--- Provided data ---

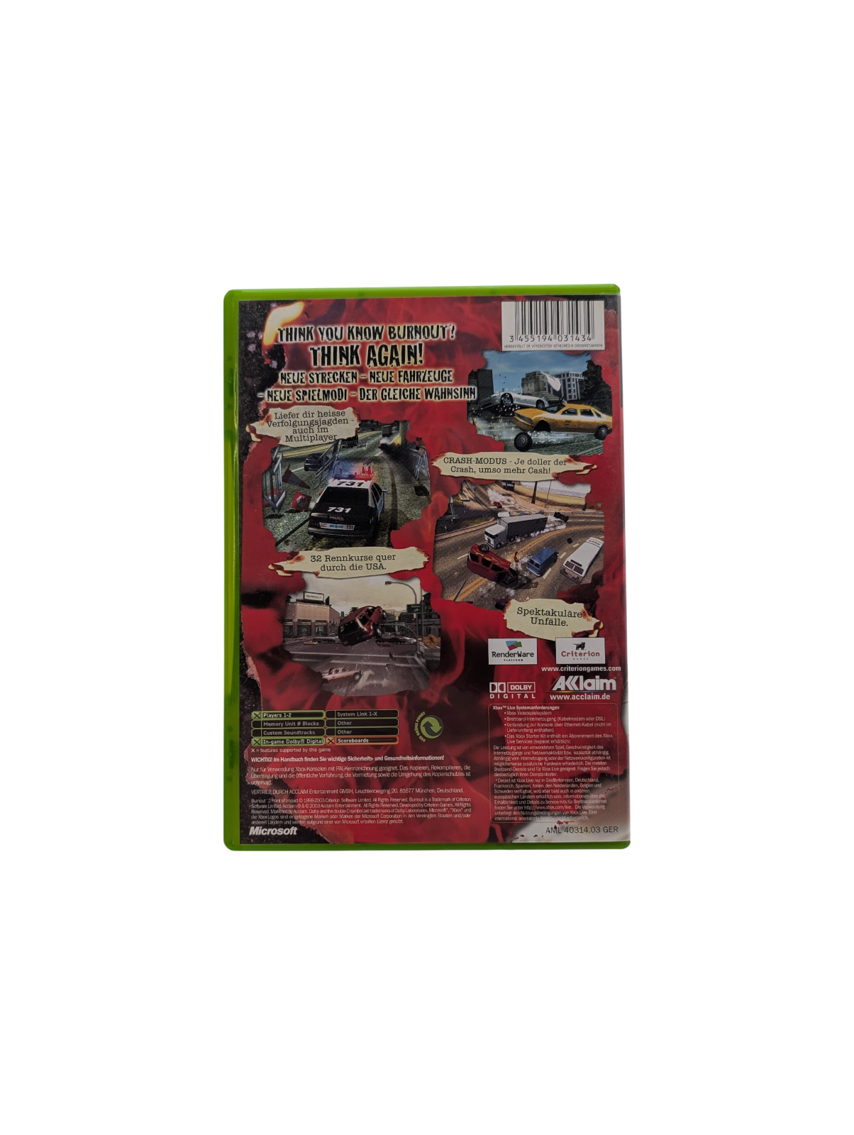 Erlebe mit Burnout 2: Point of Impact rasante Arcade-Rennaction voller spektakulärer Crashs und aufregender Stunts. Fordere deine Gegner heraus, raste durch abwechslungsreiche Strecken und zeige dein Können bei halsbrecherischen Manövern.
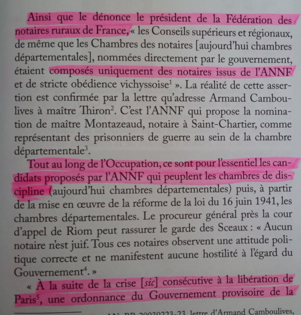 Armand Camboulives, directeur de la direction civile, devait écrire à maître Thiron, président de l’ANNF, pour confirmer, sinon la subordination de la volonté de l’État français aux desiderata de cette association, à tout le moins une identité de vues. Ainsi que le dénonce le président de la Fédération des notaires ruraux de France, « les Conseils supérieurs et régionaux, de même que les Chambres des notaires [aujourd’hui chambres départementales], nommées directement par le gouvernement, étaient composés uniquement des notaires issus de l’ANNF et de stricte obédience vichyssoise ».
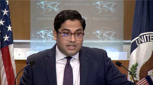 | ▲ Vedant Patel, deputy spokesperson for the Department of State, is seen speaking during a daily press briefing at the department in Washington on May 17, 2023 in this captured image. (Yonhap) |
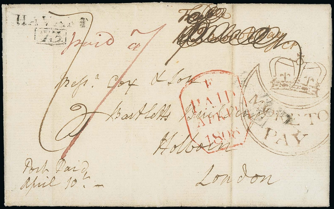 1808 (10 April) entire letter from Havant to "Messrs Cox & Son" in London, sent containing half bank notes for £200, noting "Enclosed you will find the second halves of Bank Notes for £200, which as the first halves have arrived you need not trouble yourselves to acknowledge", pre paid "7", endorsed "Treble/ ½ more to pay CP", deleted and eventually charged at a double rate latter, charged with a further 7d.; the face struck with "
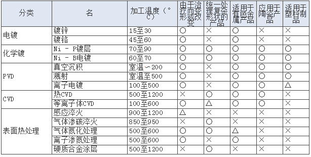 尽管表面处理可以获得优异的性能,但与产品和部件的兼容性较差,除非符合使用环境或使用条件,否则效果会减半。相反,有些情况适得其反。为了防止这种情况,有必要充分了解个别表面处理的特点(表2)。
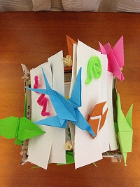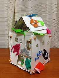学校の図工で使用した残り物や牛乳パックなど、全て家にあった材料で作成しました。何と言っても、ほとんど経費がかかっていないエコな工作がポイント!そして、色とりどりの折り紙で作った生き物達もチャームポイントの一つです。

---

Instructions for the task: Quote the data above in full, leaving out the pictures it holds.

Task output:
 Erlebe mit Burnout 2: Point of Impact rasante Arcade-Rennaction voller spektakulärer Crashs und aufregender Stunts. Fordere deine Gegner heraus, raste durch abwechslungsreiche Strecken und zeige dein Können bei halsbrecherischen Manövern.
 Armand Camboulives, directeur de la direction civile, devait écrire à maître Thiron, président de l’ANNF, pour confirmer, sinon la subordination de la volonté de l’État français aux desiderata de cette association, à tout le moins une identité de vues. Ainsi que le dénonce le président de la Fédération des notaires ruraux de France, « les Conseils supérieurs et régionaux, de même que les Chambres des notaires [aujourd’hui chambres départementales], nommées directement par le gouvernement, étaient composés uniquement des notaires issus de l’ANNF et de stricte obédience vichyssoise ».
 | ▲ Vedant Patel, deputy spokesperson for the Department of State, is seen speaking during a daily press briefing at the department in Washington on May 17, 2023 in this captured image. (Yonhap) |
 1808 (10 April) entire letter from Havant to "Messrs Cox & Son" in London, sent containing half bank notes for £200, noting "Enclosed you will find the second halves of Bank Notes for £200, which as the first halves have arrived you need not trouble yourselves to acknowledge", pre paid "7", endorsed "Treble/ ½ more to pay CP", deleted and eventually charged at a double rate latter, charged with a further 7d.; the face struck with "
 尽管表面处理可以获得优异的性能,但与产品和部件的兼容性较差,除非符合使用环境或使用条件,否则效果会减半。相反,有些情况适得其反。为了防止这种情况,有必要充分了解个别表面处理的特点(表2)。
学校の図工で使用した残り物や牛乳パックなど、全て家にあった材料で作成しました。何と言っても、ほとんど経費がかかっていないエコな工作がポイント!そして、色とりどりの折り紙で作った生き物達もチャームポイントの一つです。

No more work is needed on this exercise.